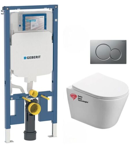 Geberit - Pack wc Bati-support extra-plat + Cuvette Swiss Aqua Technologies sans bride fixations invisibles + Plaque
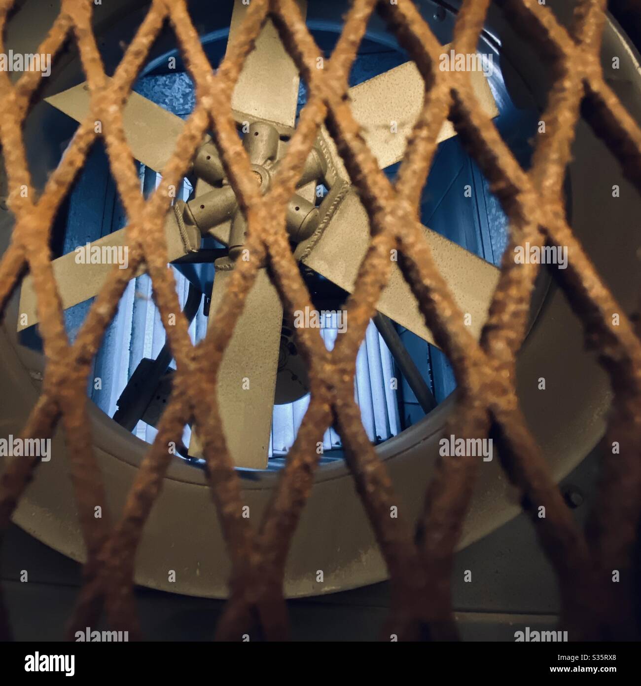 View of an industrial, metal building fan with rusting, iron safety screen in front of it. Amber-hued LED lighting with blue daylight coming from outside - Smartphone Captured Stock Imagehttps://www.alamy.com/image-license-details/?v=1https://www.alamy.com/view-of-an-industrial-metal-building-fan-with-rusting-iron-safety-screen-in-front-of-it-amber-hued-led-lighting-with-blue-daylight-coming-from-outside-image311759120.html
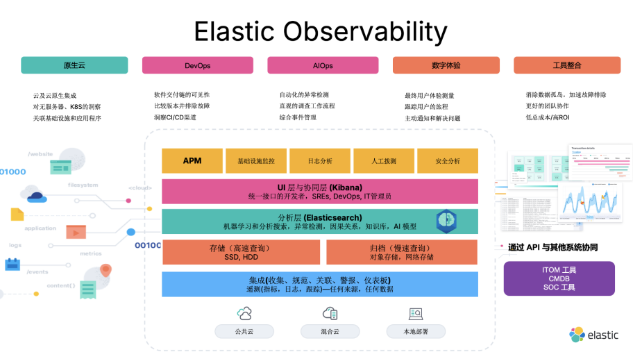Elastic 的目标就是通过构建一套集中式的全观测平台,助力去实现从传统 ITOM,到 ITOA,最终到 AIOps 的迭代进化。
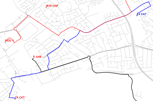 The above example shows two vehicles NOD 1 and C4 CAT; both were taken from similar locations, dumped at similar locations and the two respective shortest routes have common elements.
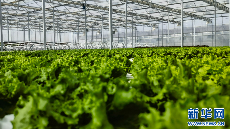 新金东农场的水培种植温室大棚里绿意满满,水培生菜经过40—50天的生长就能上市。新华网 刘丰 摄
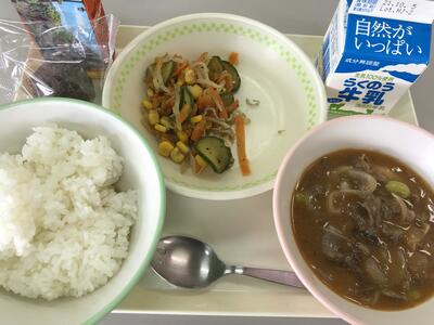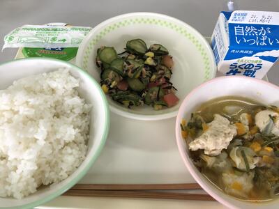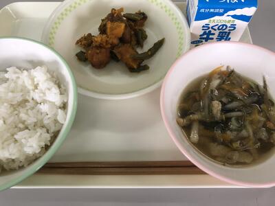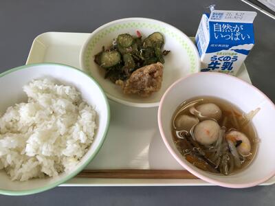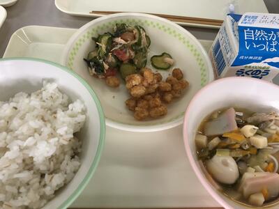 今日は、ひじきが入ったサラダでした。ひじきは漢字で書くとある動物の名前が入っていますが知っていますか?答えは、しかです。ひじきの形が鹿のしっぽににているからついたといわれています。ひじきには、私たちの血のもとになる鉄、骨のもとになるカルシウムがたくさん入っています。成長期である小学生の時期はぜひ食べていただきたい食材です。キャベツと肉団子のスープの肉団子は、ショウガがたっぷり入った手作りの肉団子でした。とってもおいしかったですよ!
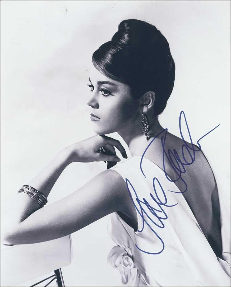 Glamorous 8 x 10 cardstock photo of the young Fonda, signed in-person in blue felt tip. In very fine condition. Pre-certified PSA/DNA and RRAuction COA.
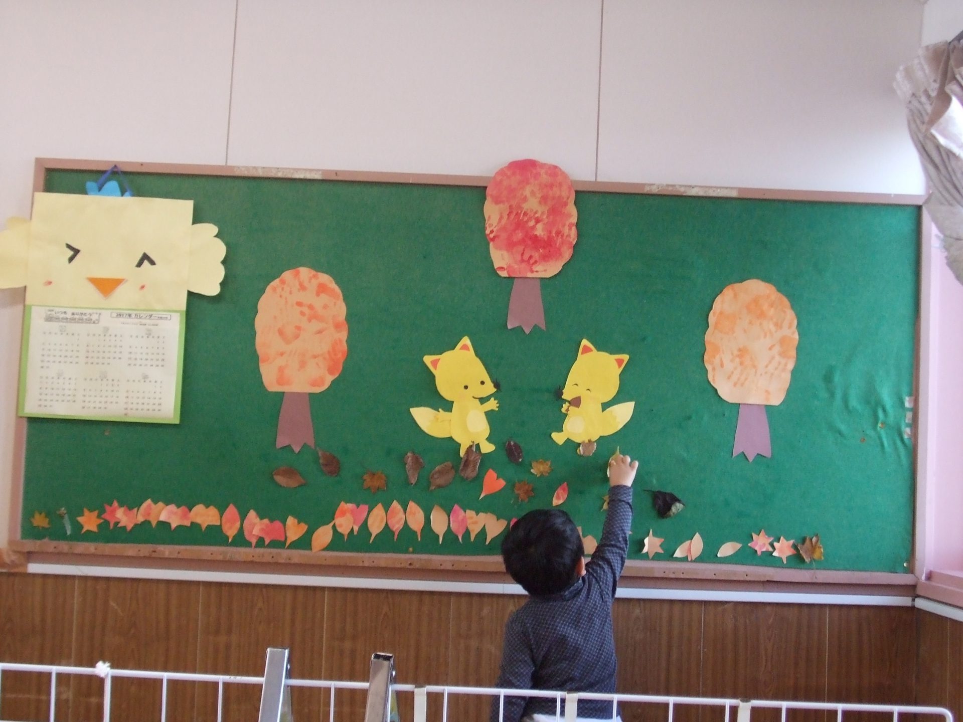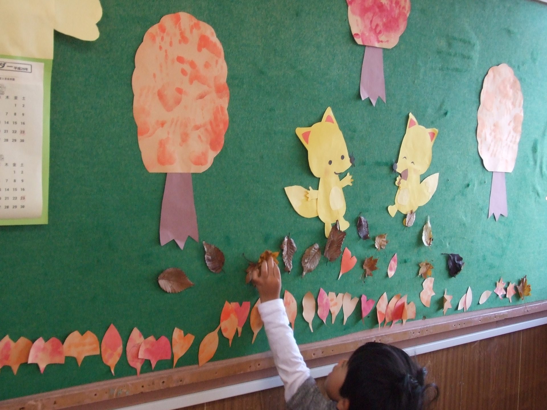 「ここかなぁ」「きつねさんの足にも貼ってあげよう。」と拾ってきた落ち葉やお花を貼って楽しみました。作った落ち葉を貼るときは並べることを楽しんでいたのですが、本物の落ち葉はばらばらと道に落ちていたように貼っていました。
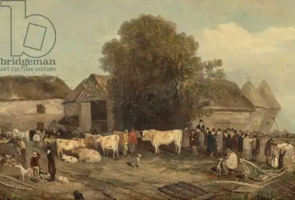 Davis painted picture The Farm Sale in 1820. Prevailing color of this fine art print is green and its shape is landscape. Original size is 71.7 x 104.1. This art piece is located in Yale Center for British Art, Paul Mellon Collection, USA. This image is printed on demand - you can choose material, size and finishing.
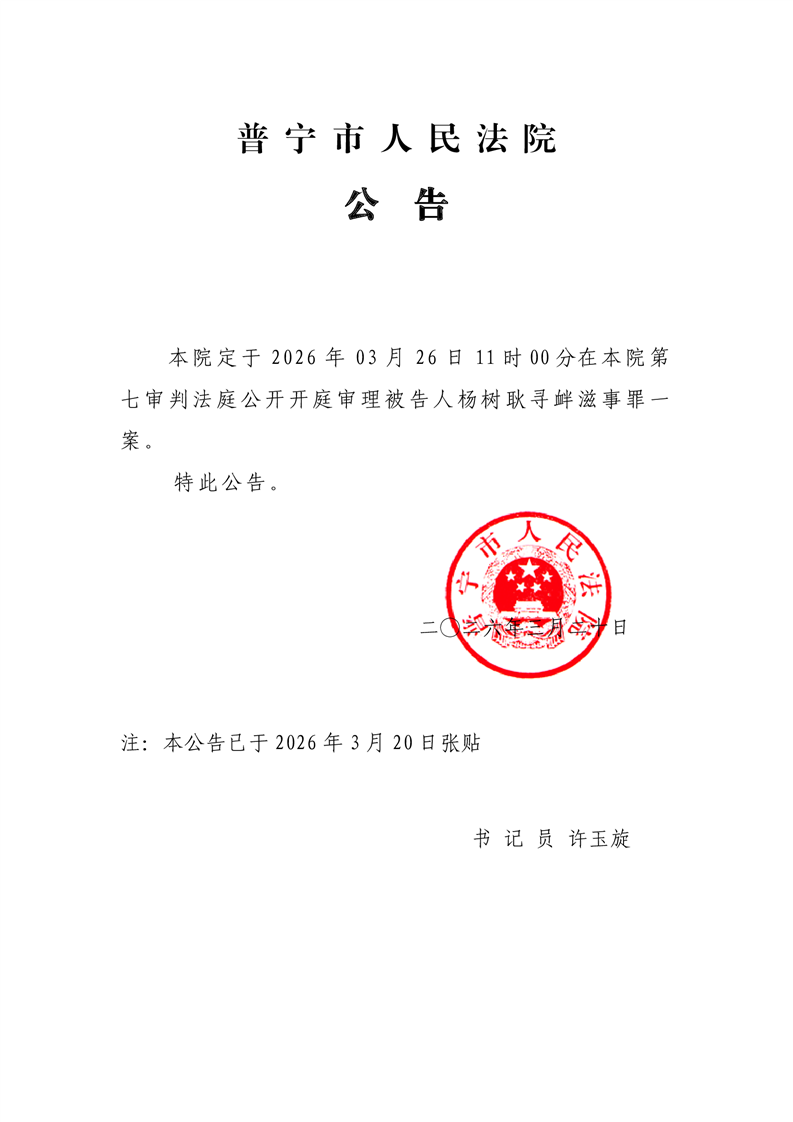 普宁法院开庭公告(杨树耿)
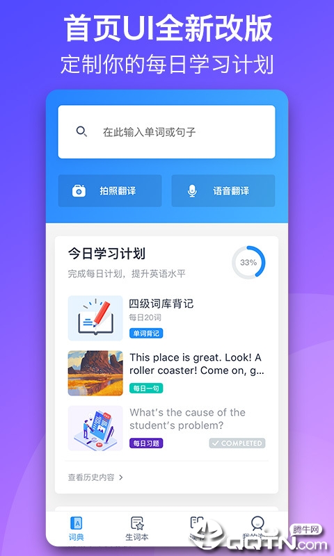 个性化词典:支持商务英语、托福雅思、考研升学、四六级考试、初高中课业等十余种学习场景的个性化设置,每种模式都配备专属的学习资源和功能模块。
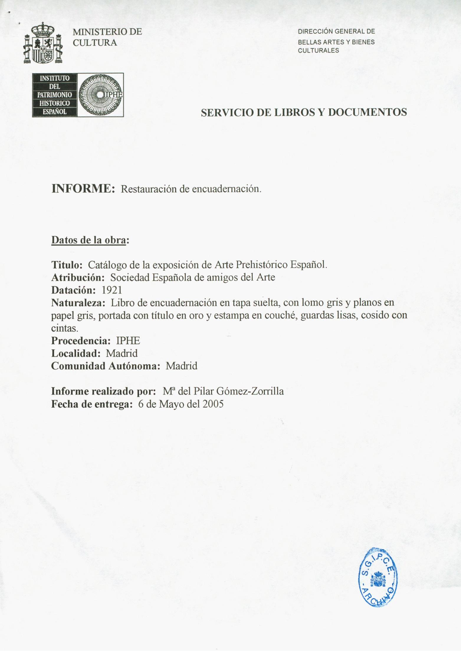 Restauración de encuadernación del Catálogo de la Exposición de Arte Prehistórico español de 1921, procedente del Instituto del Patrimonio Histórico Español (Madrid)
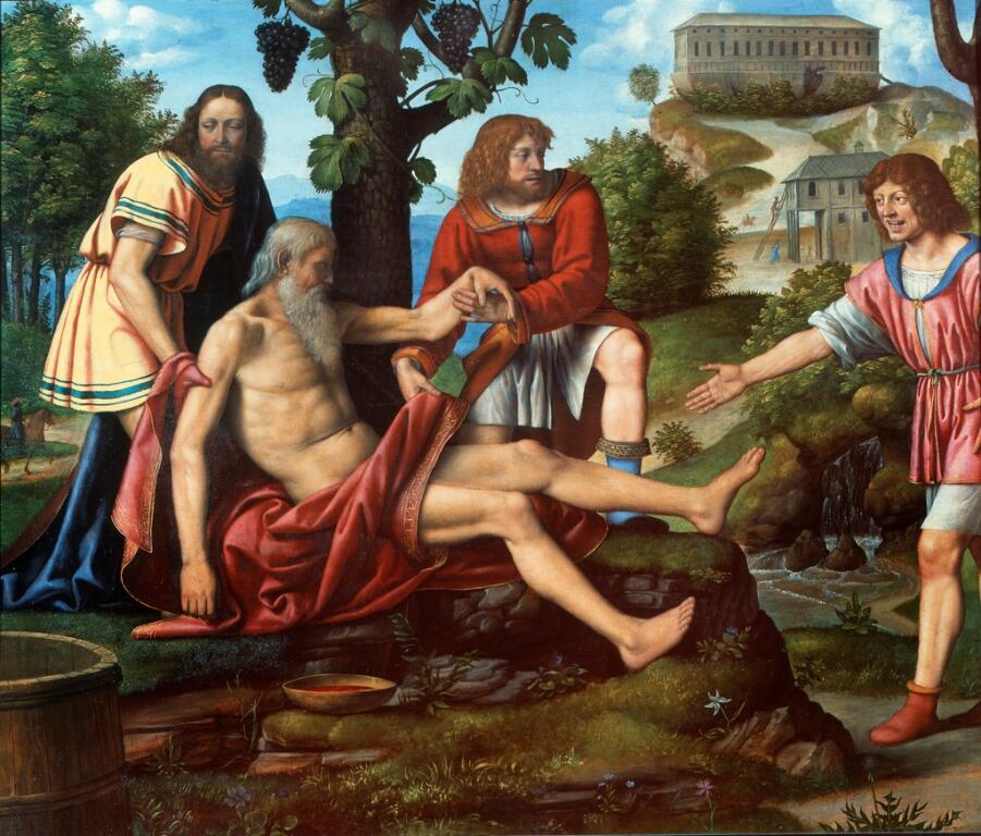 То, что братья Беллини неплохо знали изображаемый материал, несомненно. Они тщательно выписали наряды восточных купцов. Турки — в тюрбанах поменьше, египтяне — в тюрбанах крупных и пышных. В центре картины, непосредственно за сидящими женщинами, венецианцы говорят с двумя евреями в полосатых халатах. Они, без сомнения, могли найти общий язык. Еврейское присутствие в Венеции было давним: один из островов архипелага назывался Джудеккой, а название литейного двора, рядом с которым размещался еврейский квартал, Гетто, стало словом нарицательным и, можно сказать, еврейским.
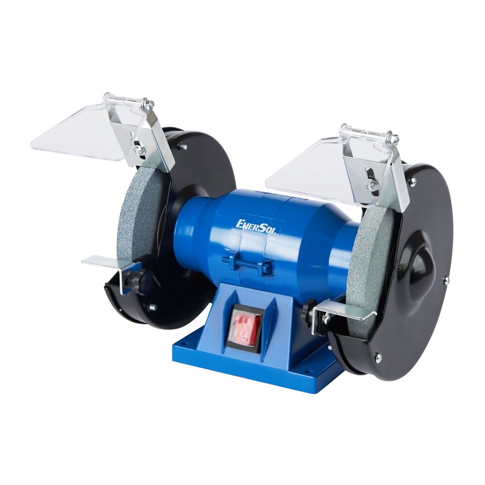 Верстат заточувальний EnerSol EBG-150E з двома абразивними кругами діаметром 150 мм і потужністю 150 Вт призначений для заточування інструменту та шліфування деталей. Швидкість обертання 2990 об/хв забезпечує стабільну роботу без надмірного нагрівання кромок. Захисні екрани, опорні площадки та гумові ніжки сприяють безпечному та комфортному використанню в обмеженому просторі.
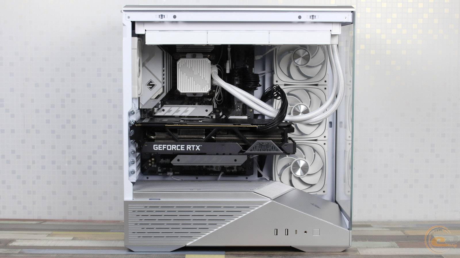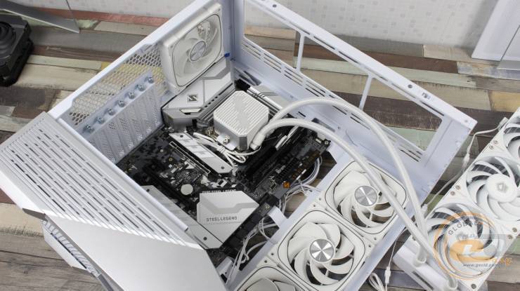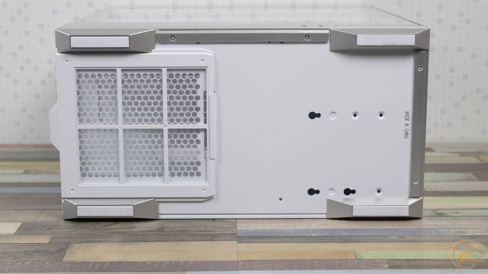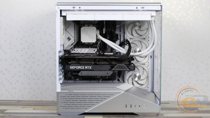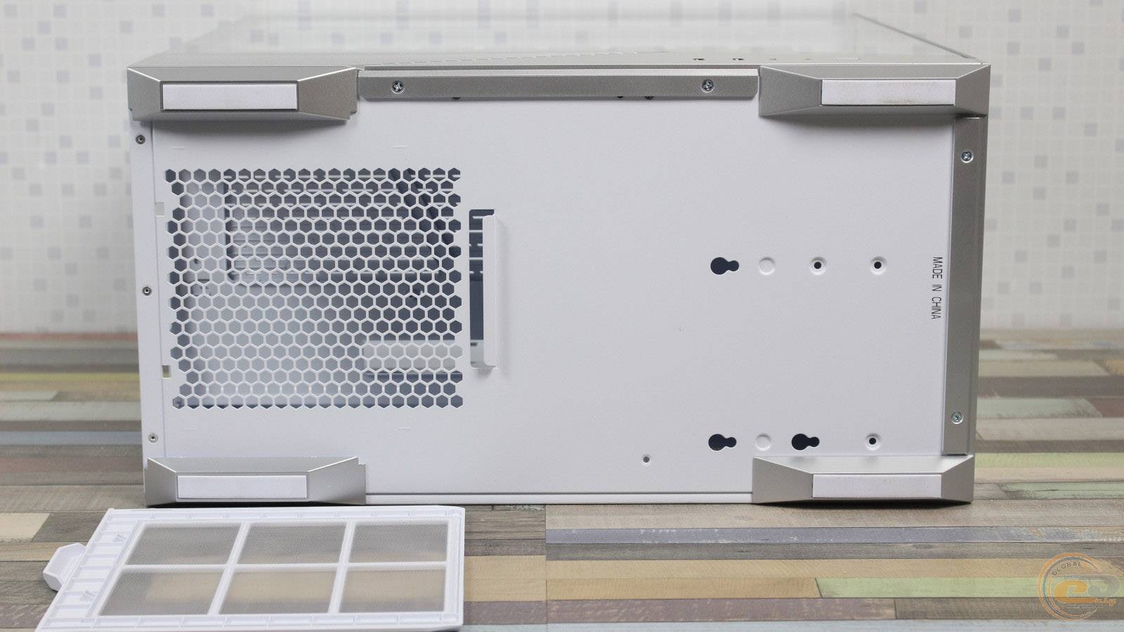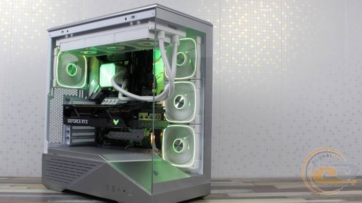 1STPLAYER GM7 виглядає значно дорожчим, ніж він є насправді, і повністю реалізує всі візуальні переваги «акваріумного» корпуса, при цьому залишаючись більш компактним та вужчим. Завдяки панорамним скляним панелям виробник подбав і про ефективну циркуляцію повітря всередині – наші тести показали, що комплектні вентилятори забезпечують мінімальну різницю температур компонентів у порівнянні з відкритим стендом. Якщо ж ви плануєте використовувати «гарячу» відеокарту, додаткові вентилятори на кожусі блока живлення стануть доречним доповненням: для цього на його боці передбачена перфорована зона для забору холодного повітря.
=======
Look above for the line with "Restauración de encuadernación" and the line with "То, что братья", then copy them and all lines in between exactly as written, and only those, without any pictures.

 Restauración de encuadernación del Catálogo de la Exposición de Arte Prehistórico español de 1921, procedente del Instituto del Patrimonio Histórico Español (Madrid)
 То, что братья Беллини неплохо знали изображаемый материал, несомненно. Они тщательно выписали наряды восточных купцов. Турки — в тюрбанах поменьше, египтяне — в тюрбанах крупных и пышных. В центре картины, непосредственно за сидящими женщинами, венецианцы говорят с двумя евреями в полосатых халатах. Они, без сомнения, могли найти общий язык. Еврейское присутствие в Венеции было давним: один из островов архипелага назывался Джудеккой, а название литейного двора, рядом с которым размещался еврейский квартал, Гетто, стало словом нарицательным и, можно сказать, еврейским.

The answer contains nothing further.